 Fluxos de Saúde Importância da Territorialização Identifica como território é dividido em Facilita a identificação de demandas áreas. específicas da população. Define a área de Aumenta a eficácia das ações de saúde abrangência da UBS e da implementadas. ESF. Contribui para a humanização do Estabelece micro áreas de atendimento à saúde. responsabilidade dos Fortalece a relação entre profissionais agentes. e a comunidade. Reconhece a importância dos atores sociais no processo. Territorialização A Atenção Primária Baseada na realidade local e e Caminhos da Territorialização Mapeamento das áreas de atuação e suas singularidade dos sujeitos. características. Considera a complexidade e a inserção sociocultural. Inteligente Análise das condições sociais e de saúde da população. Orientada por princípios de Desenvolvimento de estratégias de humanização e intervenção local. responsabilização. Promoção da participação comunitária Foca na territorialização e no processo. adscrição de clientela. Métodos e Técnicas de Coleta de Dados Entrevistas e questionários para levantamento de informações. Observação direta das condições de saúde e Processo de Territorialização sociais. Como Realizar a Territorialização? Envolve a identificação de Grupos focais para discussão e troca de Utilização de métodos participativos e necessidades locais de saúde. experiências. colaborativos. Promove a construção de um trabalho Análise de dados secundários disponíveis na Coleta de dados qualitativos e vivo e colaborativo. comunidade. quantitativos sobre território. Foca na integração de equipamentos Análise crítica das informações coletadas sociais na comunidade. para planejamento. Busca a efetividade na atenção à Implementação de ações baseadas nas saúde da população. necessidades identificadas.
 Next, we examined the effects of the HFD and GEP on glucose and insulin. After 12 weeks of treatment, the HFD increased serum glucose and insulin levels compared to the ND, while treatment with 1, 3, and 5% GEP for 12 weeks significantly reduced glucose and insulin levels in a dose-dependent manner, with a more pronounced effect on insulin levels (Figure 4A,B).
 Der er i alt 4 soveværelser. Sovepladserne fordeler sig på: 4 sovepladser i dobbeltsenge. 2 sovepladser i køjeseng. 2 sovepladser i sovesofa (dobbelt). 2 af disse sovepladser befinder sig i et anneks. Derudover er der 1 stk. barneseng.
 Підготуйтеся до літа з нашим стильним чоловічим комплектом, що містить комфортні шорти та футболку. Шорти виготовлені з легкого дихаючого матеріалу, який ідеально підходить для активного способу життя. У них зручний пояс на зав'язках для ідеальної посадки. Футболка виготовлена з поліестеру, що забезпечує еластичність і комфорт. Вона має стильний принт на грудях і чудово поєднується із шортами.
==
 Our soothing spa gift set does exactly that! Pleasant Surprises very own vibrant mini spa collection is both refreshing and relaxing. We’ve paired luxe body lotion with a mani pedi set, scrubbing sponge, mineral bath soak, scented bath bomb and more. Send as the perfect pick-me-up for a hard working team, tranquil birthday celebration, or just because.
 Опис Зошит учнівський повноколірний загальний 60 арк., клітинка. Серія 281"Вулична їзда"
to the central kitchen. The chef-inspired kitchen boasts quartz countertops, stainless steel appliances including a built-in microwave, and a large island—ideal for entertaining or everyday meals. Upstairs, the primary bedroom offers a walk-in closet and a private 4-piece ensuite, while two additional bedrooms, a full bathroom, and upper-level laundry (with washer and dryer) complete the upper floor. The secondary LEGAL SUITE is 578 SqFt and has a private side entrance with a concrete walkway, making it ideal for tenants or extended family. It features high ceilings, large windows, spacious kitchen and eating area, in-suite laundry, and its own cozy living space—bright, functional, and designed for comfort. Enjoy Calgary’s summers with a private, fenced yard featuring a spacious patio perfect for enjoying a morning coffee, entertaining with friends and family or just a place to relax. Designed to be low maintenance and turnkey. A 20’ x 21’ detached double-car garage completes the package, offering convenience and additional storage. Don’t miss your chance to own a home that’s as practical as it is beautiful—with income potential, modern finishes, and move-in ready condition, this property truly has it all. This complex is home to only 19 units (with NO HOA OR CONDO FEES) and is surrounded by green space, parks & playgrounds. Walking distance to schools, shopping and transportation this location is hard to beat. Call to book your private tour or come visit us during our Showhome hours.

◆ **Your goal**: As listed above, the lines from the line with "Next, we examined" to the line with "Der er i alt" are to be echoed exactly, with both ends included and nothing added.

◆ **Your response**:
 Next, we examined the effects of the HFD and GEP on glucose and insulin. After 12 weeks of treatment, the HFD increased serum glucose and insulin levels compared to the ND, while treatment with 1, 3, and 5% GEP for 12 weeks significantly reduced glucose and insulin levels in a dose-dependent manner, with a more pronounced effect on insulin levels (Figure 4A,B).
 Der er i alt 4 soveværelser. Sovepladserne fordeler sig på: 4 sovepladser i dobbeltsenge. 2 sovepladser i køjeseng. 2 sovepladser i sovesofa (dobbelt). 2 af disse sovepladser befinder sig i et anneks. Derudover er der 1 stk. barneseng.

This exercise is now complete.